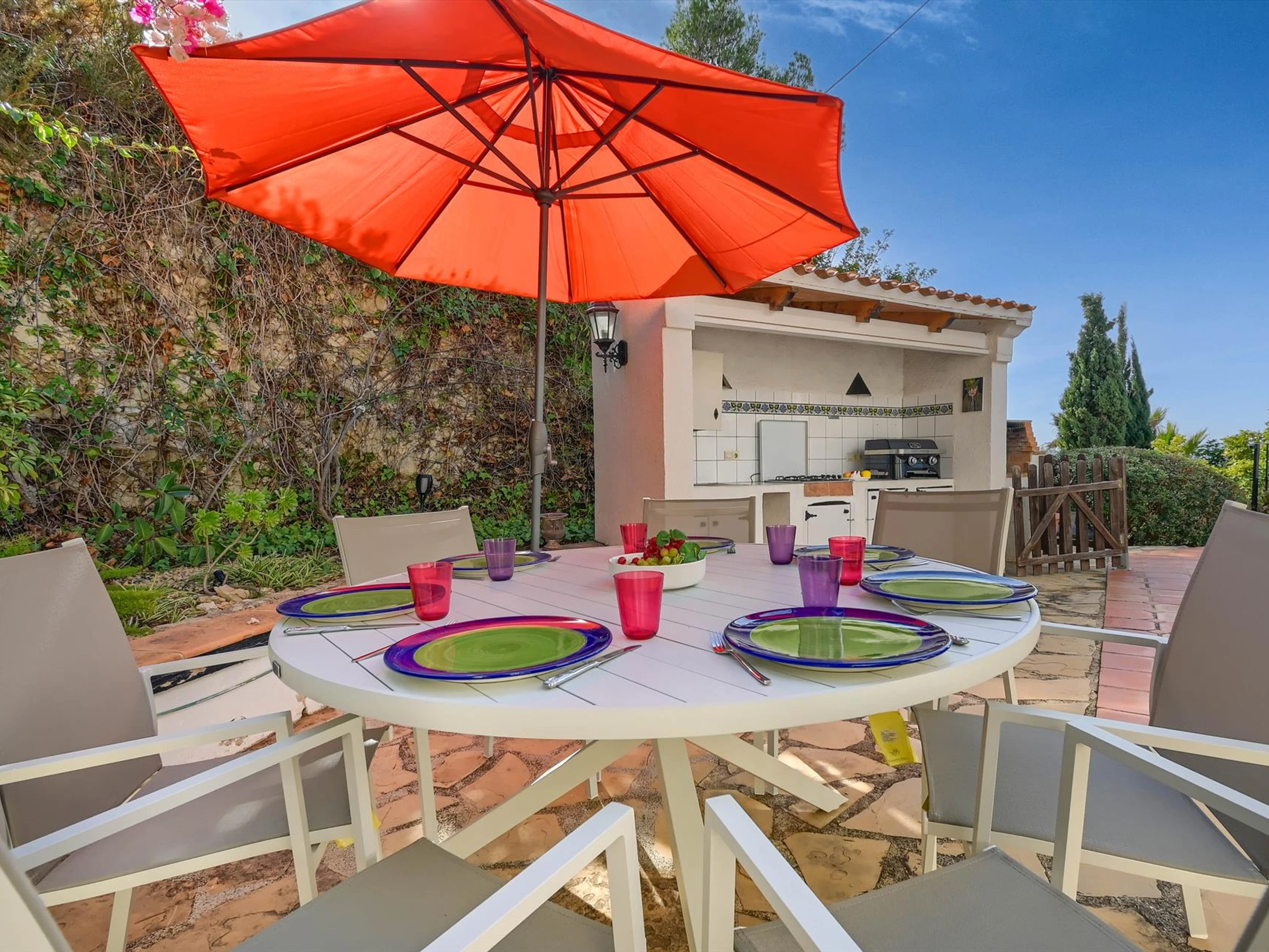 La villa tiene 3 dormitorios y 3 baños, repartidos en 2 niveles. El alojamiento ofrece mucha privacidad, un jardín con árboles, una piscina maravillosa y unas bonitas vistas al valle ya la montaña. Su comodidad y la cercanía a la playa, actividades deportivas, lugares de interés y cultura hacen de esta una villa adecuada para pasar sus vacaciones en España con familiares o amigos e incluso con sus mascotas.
* * *
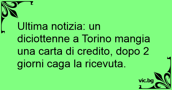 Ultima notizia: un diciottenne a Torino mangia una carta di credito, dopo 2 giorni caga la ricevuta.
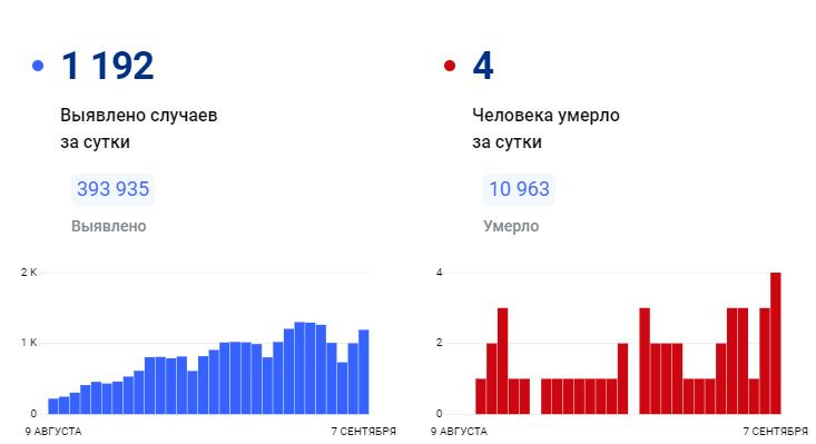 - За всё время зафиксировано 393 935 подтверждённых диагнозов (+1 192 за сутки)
--
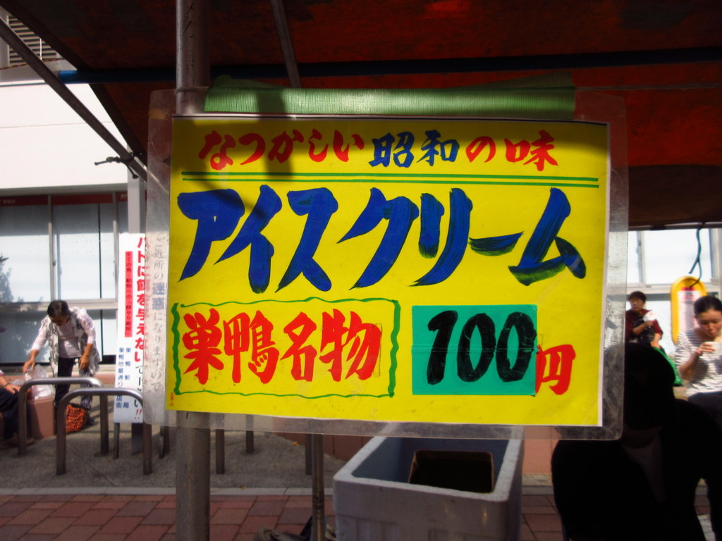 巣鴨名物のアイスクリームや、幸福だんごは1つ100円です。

• _YOUR OBJECTIVE_:
Retype, exactly and with no pictures, everything above from the line with "Ultima notizia: un" down to the line with "- За всё время", both included.

• _ANSWER AREA_:
 Ultima notizia: un diciottenne a Torino mangia una carta di credito, dopo 2 giorni caga la ricevuta.
 - За всё время зафиксировано 393 935 подтверждённых диагнозов (+1 192 за сутки)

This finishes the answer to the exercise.